[Start of Attachment]
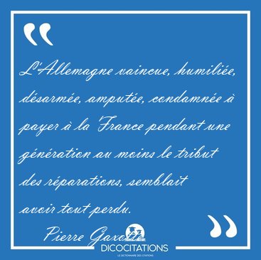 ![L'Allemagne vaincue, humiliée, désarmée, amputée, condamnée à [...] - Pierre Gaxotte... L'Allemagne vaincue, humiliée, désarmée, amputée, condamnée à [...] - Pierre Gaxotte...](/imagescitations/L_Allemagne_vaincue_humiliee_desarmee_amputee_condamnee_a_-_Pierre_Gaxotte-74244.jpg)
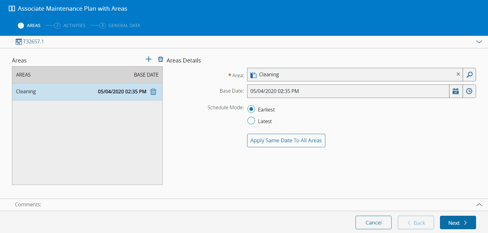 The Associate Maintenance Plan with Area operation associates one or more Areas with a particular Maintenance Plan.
[End of Attachment]
[Start of Attachment]
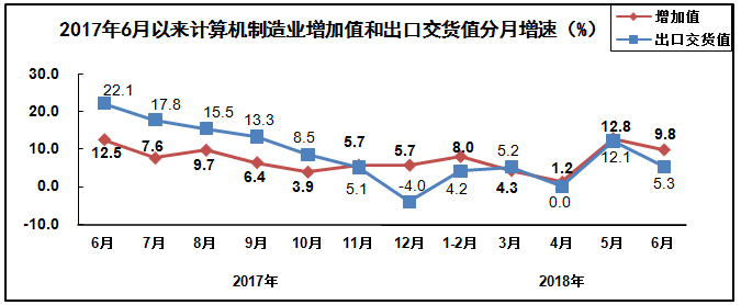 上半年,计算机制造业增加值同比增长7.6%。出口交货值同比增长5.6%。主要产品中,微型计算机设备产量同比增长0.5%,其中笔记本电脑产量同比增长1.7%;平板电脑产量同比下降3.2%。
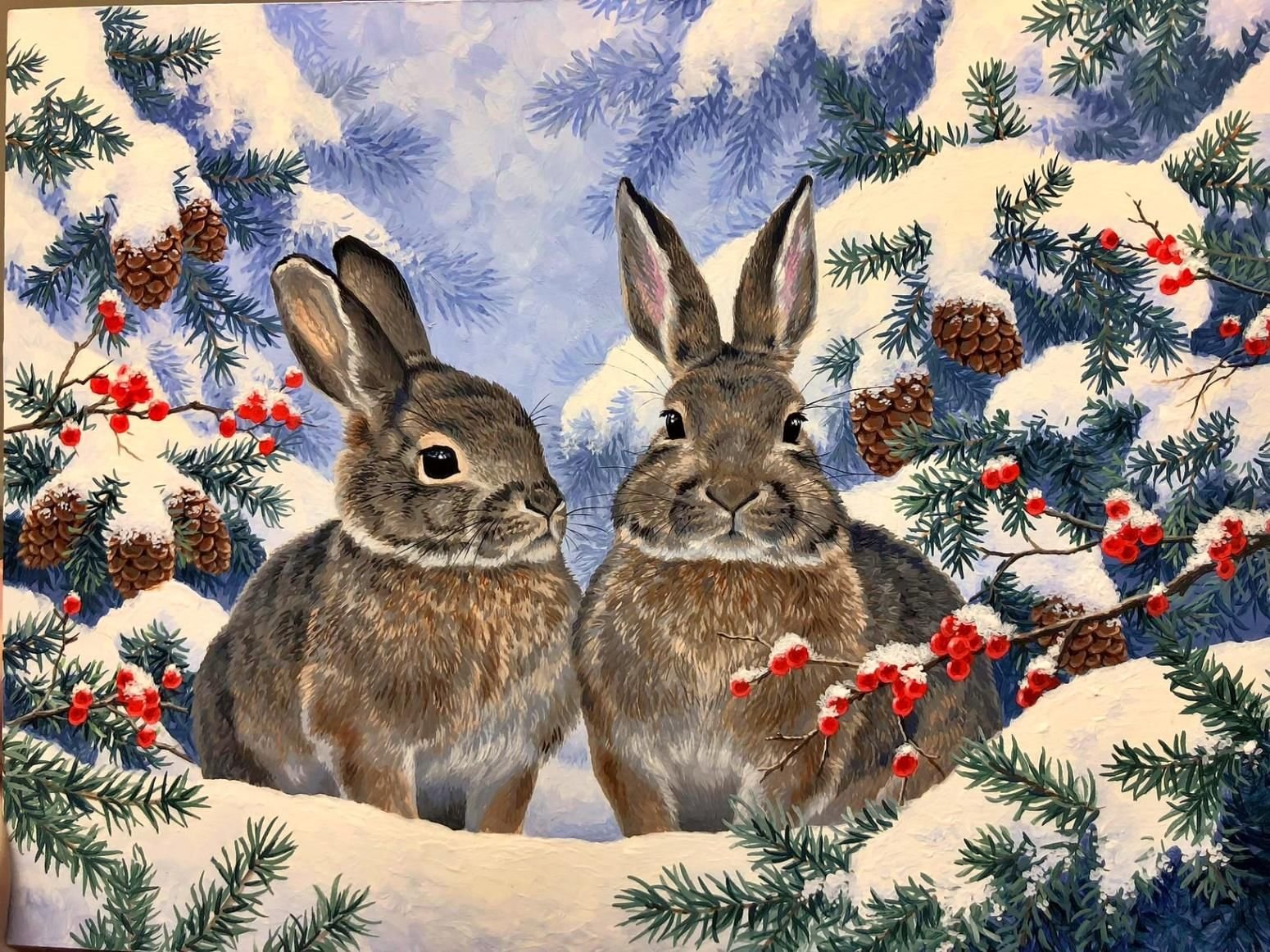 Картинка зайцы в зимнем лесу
[End of Attachment]
**TASK ITEM**
Beginning with the line above that contains "上半年,计算机制造业增加值同" and finishing with the line that contains "Картинка зайцы в зимнем лесу", print those lines exactly and only. Skip all pictures.

**RESPONSE AREA**
 上半年,计算机制造业增加值同比增长7.6%。出口交货值同比增长5.6%。主要产品中,微型计算机设备产量同比增长0.5%,其中笔记本电脑产量同比增长1.7%;平板电脑产量同比下降3.2%。
 Картинка зайцы в зимнем лесу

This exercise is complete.